The dual screen relationship between social media and TV has long been understood, but our recent study ‘The Point of Social’ highlights that one of the most under used media channel partnerships is actually OOH and social, and this is particularly true in a retail environment.
The way people use social media changes dramatically when they’re out and about in the world and nowhere is that shift more commercially valuable than in the retail space.
At home, social media is largely passive. It’s habit driven, doomscrolling through boredom, but out of home, and especially in retail environments, social media behaviour becomes more active, more intentional, and crucially, closer to purchase. The study shows that social usage in these environments is not just more varied but fundamentally different in nature. People are more likely to explore products, and search for reviews about their purchase considerations. Exploring for products or services on social when OOH is 21% vs 13% when at home. But this rises significantly in retail environments, rising to 28% in shopping centres and 31% in-store.
This shift matters because it reframes how we should think about social’s role in the retail journey. We’ve long optimised social for reach and engagement, but in retail environments it behaves much more like a conversion channel. Social activity out of home is 75% more likely to lead to a purchase compared to at-home usage.
Yet at exactly the moment when social becomes more valuable, it paradoxically becomes less effective. The report identifies an 11% drop in attention to social ads during the daytime, the very period when most out-of-home social usage occurs.
This is the tension at the heart of modern retail media planning: intent is high, but attention is fragmented.
This is where OOH plays a critical role, not as a supporting channel, but as a structural one.
OOH is uniquely designed to operate in high-distraction environments. It is unavoidable and captures attention in the physical world, often at key retail environments such as high streets, shopping centres, and transport hubs where decision-making is already happening. More importantly, it doesn’t just drive awareness; it primes behaviour.
For retail brands, this has profound implications. It suggests that OOH is not just a top-of-funnel awareness driver, but a catalyst that makes bottom of funnel channels work harder.
What emerges is a more sequential view of the customer journey. OOH creates the trigger: it introduces the brand, frames the offer, and builds mental availability in the real world. Social then captures the response, allowing people to explore, validate, and ultimately convert. When planned together, rather than in silos, the effect is additive and measurable. There is already a plethora of evidence that campaigns combining OOH and social deliver stronger brand impact and significantly higher business outcomes, including uplifts in sales, profit and market share.
Nowhere is this more relevant than in retail, where decisions are often fluid, social, and influenced by immediate context.

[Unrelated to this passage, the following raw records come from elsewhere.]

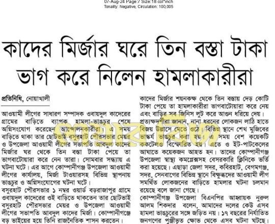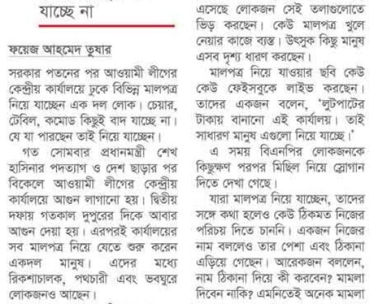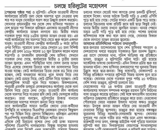 বাংলাদেশ প্রতিদিন, ৭ আগস্ট ২০২৪, চলছে হরিলুটের মহোৎসব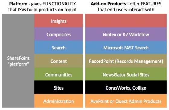So … in the SharePoint world, a platform gives functionality that ISVs build products on top of, and those add-on products are required to make SharePoint usable. Thus the SharePoint decision by implication involves a commitment to both buying the platform and a suite of add-on products, in order to make it work.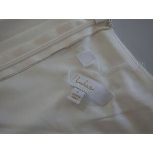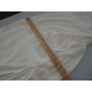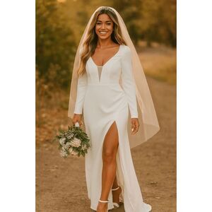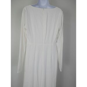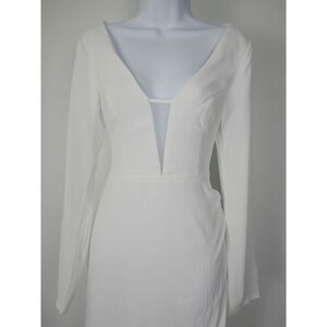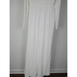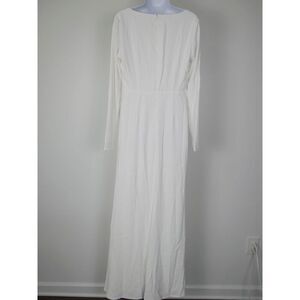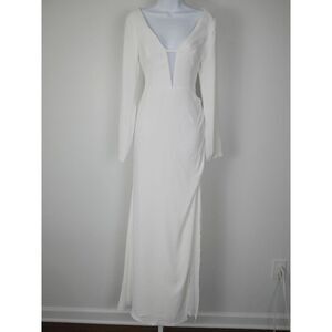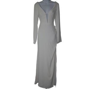 Keywords: white maxi dress size L, long sleeve formal gown, mesh insert v-neck dress, bridal shower outfit, lulus white dress slit, new without tags elegant dress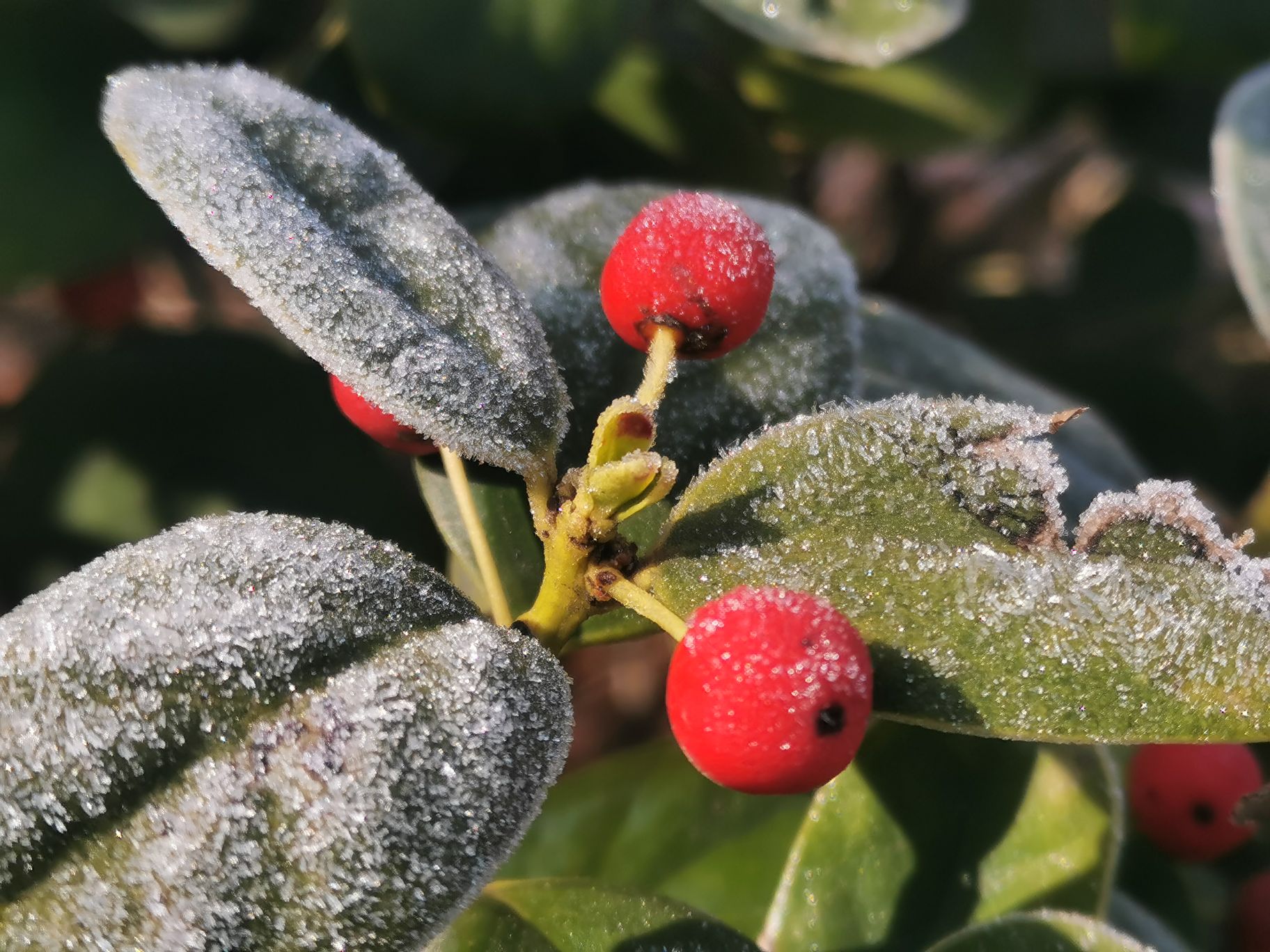 “霜輕未殺萋萋草,日暖初干漠漠沙”,白居易筆下的冬景此刻具象鋪展。薄霜未扼草木生機,反倒為枯寂枝頭裹上輕紗,添了幾分剔透朦朧。低矮的冬青,翠綠的葉子布滿白霜,枝頭點綴著許多紅色豆豆,我好奇地掏出手機拍照。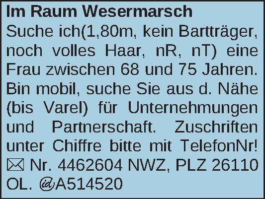Suche ich (1,80m, nT, nR, kein Bartträger, dafür noch volles Haar) eine Frau zwischen 68 und 75 Jahren. Bin mobil, suche Sie aus d. Nähe (bis Varel) für Unternehmungen und Partnerschaft. Zuschriften unter Chiffre bitte mit Telefonnummer!Kontakt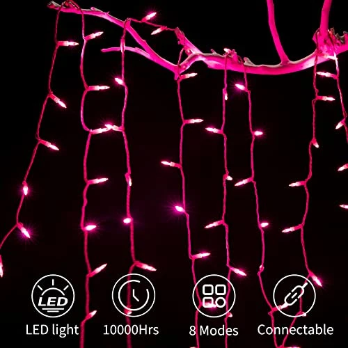 - 8 Lighting Modes: These LED twinkle lights have 8 fun settings where you can choose various flickers or constant on option. These 360º sparkling pink lights can not only provide good lighting effects but also bring a more romantic festive atmosphere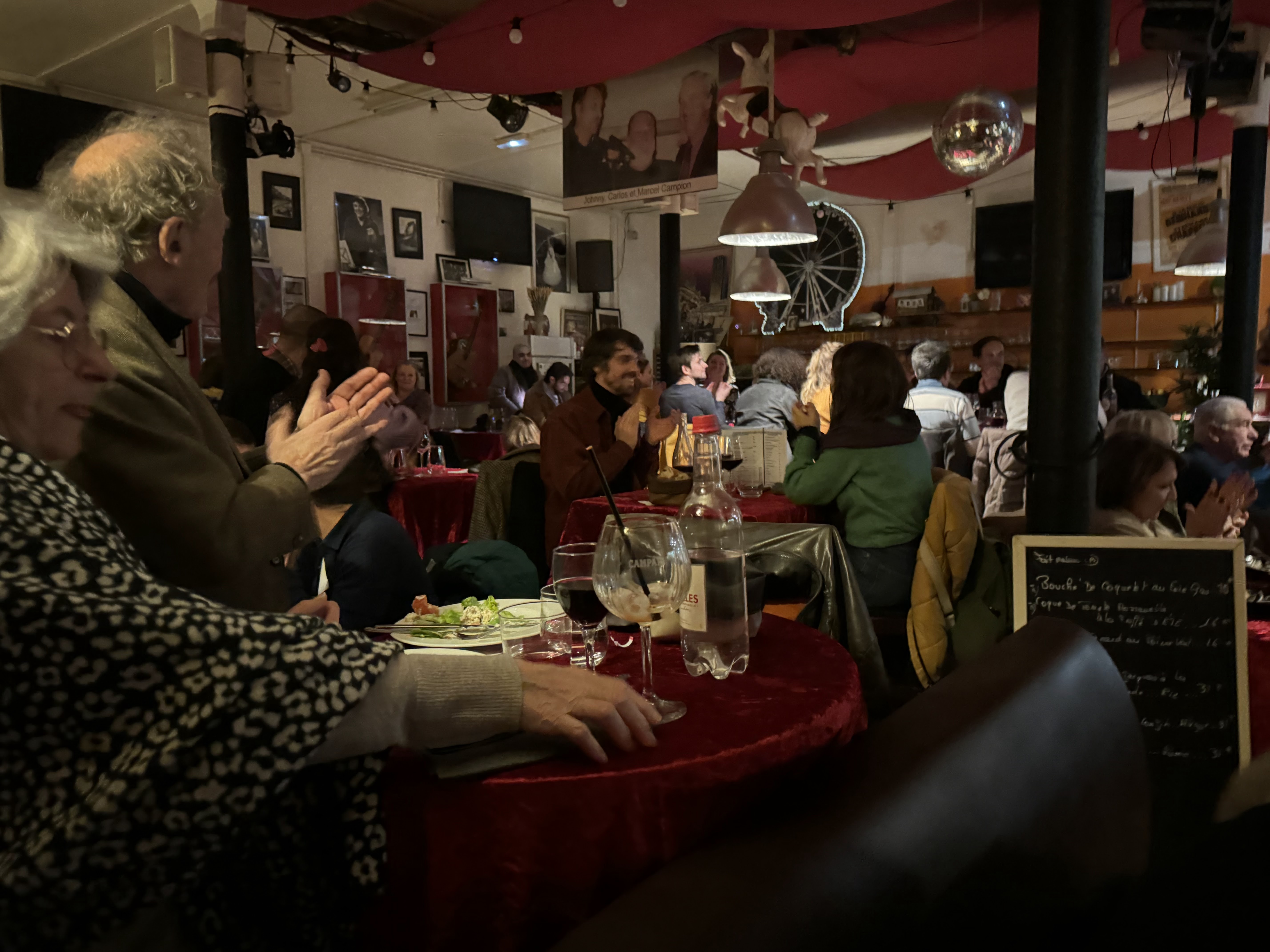 La salle où se déroule l’action principale est très petite. Les boissons mettent du temps à arriver. Rien n’enlève à la musique divine qui y est jouée. C'est véritablement un temple du Jazz Manouche. J'ai pleuré aussi. J'aimerais pouvoir y aller une fois par semaine. Merci de perpétuer la tradition !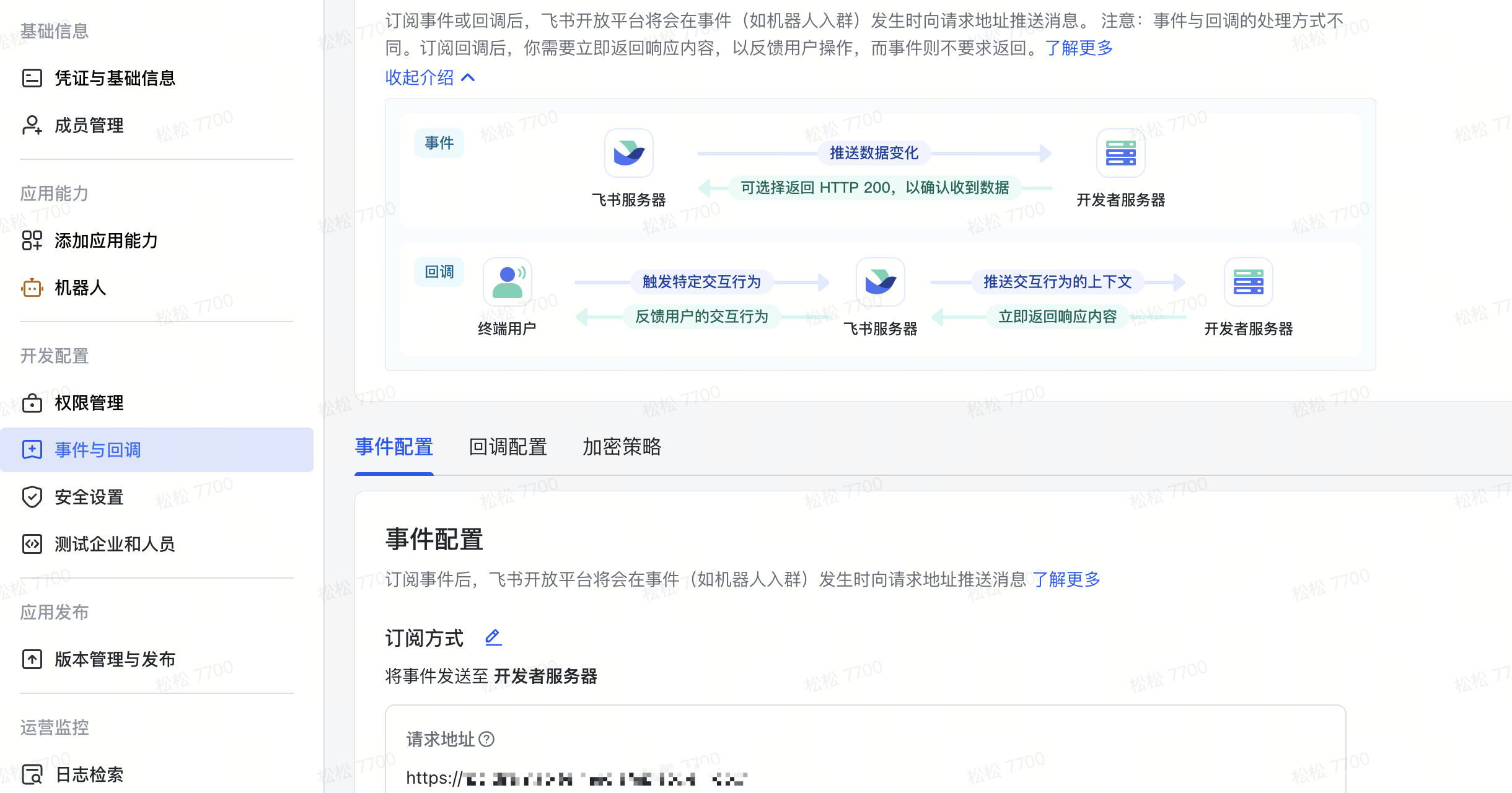 输入源头是飞书。飞书可以创建应用,别人可以 @你的机器人应用。在开发者后台,需要设置消息接收的 URL。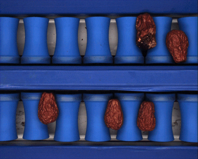 系统运用机器视觉、人工智能、自动控制等技术,对红枣进行全方位检测 、深度分析 、智能决策,自动化检测,有效区分优品、普品、缺陷品。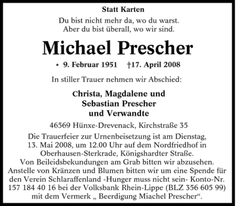Hier finden Sie alle Traueranzeigen aus der Zeitung, die bisher für Michael Prescher erschienen sind. Weitere Traueranzeigen, die in der Zeitung erscheinen, werden hier ebenfalls aufgelistet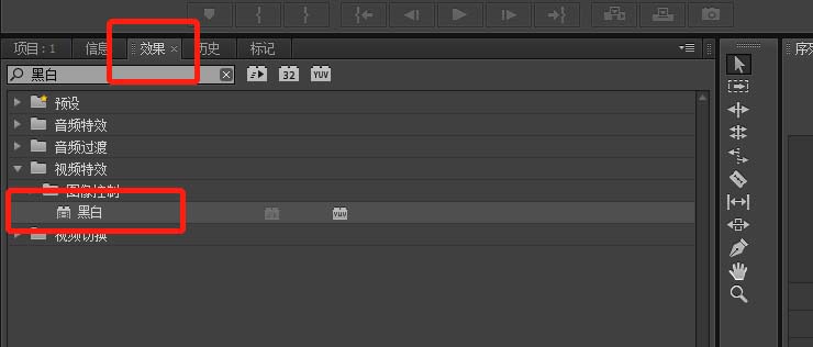 在左侧“效果”面板里找到“黑白”效果。(视频特效—>图像控制—>黑白)。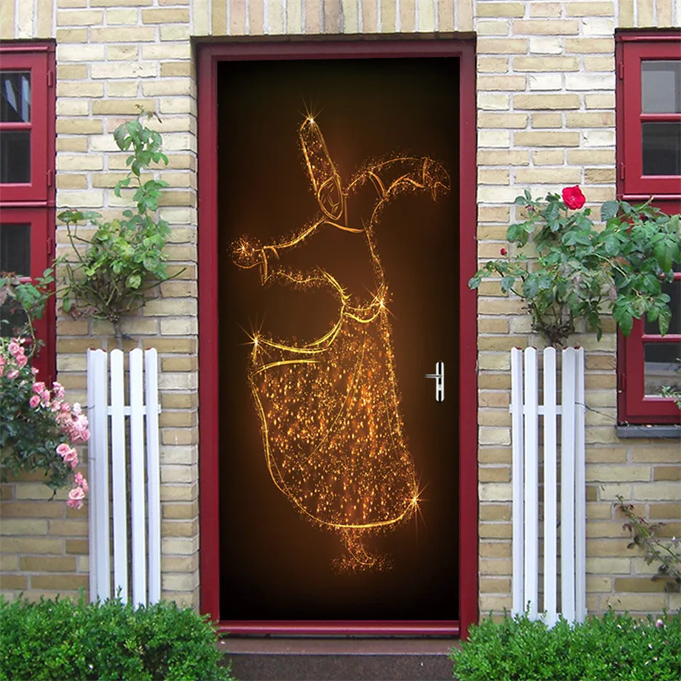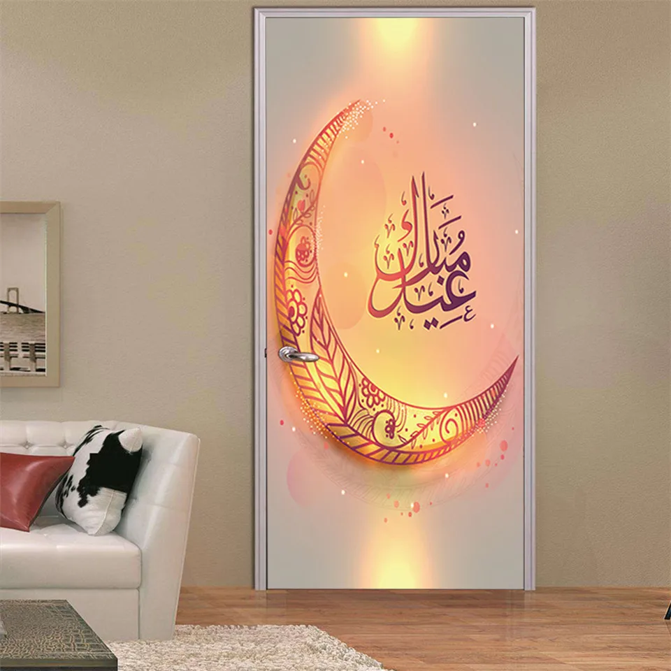 2 шт.компл. наклейка на дверь для празднования мусульманских праздников Сделай Сам ПВХ самоклеящаяся Водонепроницаемая на двери домашний декор обновленный постер росписи

Another important dimension is the social nature of “out-of-home social”. The study highlights that 44% of social sessions out of home happen in company, compared to just 23% at home, and are nearly 5 times as likely to occur when we are with friends.
This has two implications. First, it highlights the importance of the role of influence in groups, purchase decisions are more likely to be discussed, shared, and validated in real time. Second, it elevates the importance of creative. In retail environments, advertising isn’t just competing for individual attention, but for collective attention. Work needs to be not only noticeable, but talkable. Brands need culture to thrive and culture is built by groups of people.
So, what does this mean for marketers?
First, retail media planning needs to consider a shift from channels to moments. The question is no longer “how much social versus how much OOH,” but “where is the consumer, and what are they trying to do?” Retail environments are high-intent, high-context moments, both OOH and social need to be designed around that reality.
Second, sequencing matters. OOH should be used deliberately to trigger intent at physical touchpoints, near stores, along commuter routes, within shopping destinations. Social should then be structured to capture that intent in real time, providing the information people are actively seeking, such as social proof, availability, reviews etc.
Third, consistency is critical. The priming effect only works if people recognise the connection between what they see on the street and what they see in their feed. Distinctive assets need shared visual codes, and coherent messaging.
Finally, measurement needs to evolve. If OOH and social are planned as a connected system, they need to be evaluated as one. Focusing on channel-level metrics risks undervaluing the combined effect which, as our study proves, is where the real gains lie.
So, as retail becomes a media environment in its own right the relationship between OOH and social must become symbiotic. In retail today, the path to purchase doesn’t start on a screen. It starts on the street.